Data shown Block Start

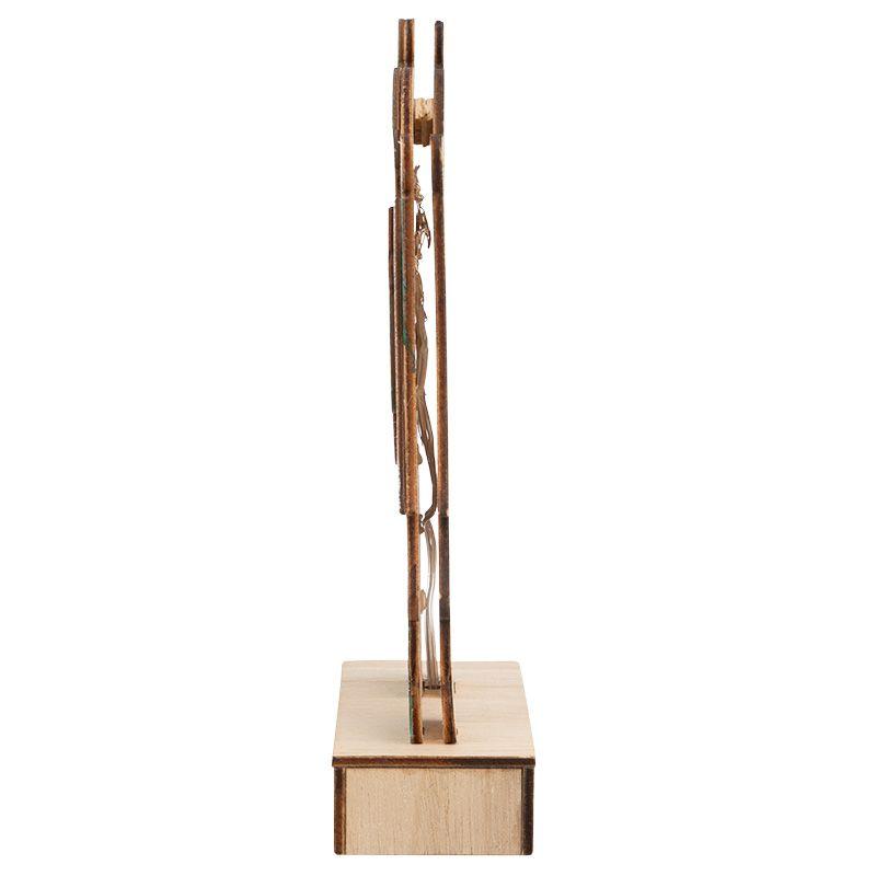 Деревянная фигурка с подсветкой «Дед Мороз» высотой 18 см работает от двух батареек типа ААА, поэтому ее можно разместить в любом уголке вашего дома, не уделяя внимание поиску розеток. Изделие, произведенное из экологичных материалов, станет прекрасным подарком к новогодним праздникам, который вызовет только приятные эмоции. 5 экономичных диодов теплого белого свечения мягко обрамляют композицию, создавая атмосферу тепла и уюта. Фигурка предназначена для использования в помещениях с умеренной влажностью.
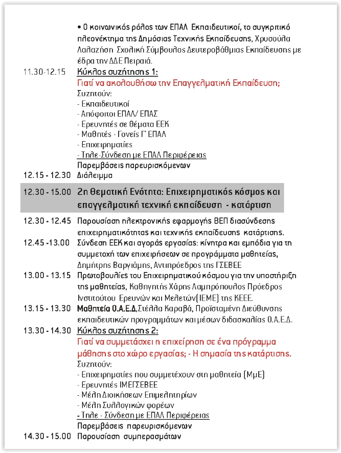 | 13.30 – 15.30 | 2η Θεματική Ενότητα: Επιχειρηματικός κόσμος και τεχνική εκπαίδευση - κατάρτιση |
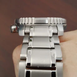 By taking a close look at the dial, we notice that the indexes are not the only ones to be treated with this component, but that the hour, minute and second hands are also provided.

Data shown Block End

*Work required:* Leave every picture out. Retype the remaining data exactly.

*Task answer:*
 Деревянная фигурка с подсветкой «Дед Мороз» высотой 18 см работает от двух батареек типа ААА, поэтому ее можно разместить в любом уголке вашего дома, не уделяя внимание поиску розеток. Изделие, произведенное из экологичных материалов, станет прекрасным подарком к новогодним праздникам, который вызовет только приятные эмоции. 5 экономичных диодов теплого белого свечения мягко обрамляют композицию, создавая атмосферу тепла и уюта. Фигурка предназначена для использования в помещениях с умеренной влажностью.
 | 13.30 – 15.30 | 2η Θεματική Ενότητα: Επιχειρηματικός κόσμος και τεχνική εκπαίδευση - κατάρτιση |
 By taking a close look at the dial, we notice that the indexes are not the only ones to be treated with this component, but that the hour, minute and second hands are also provided.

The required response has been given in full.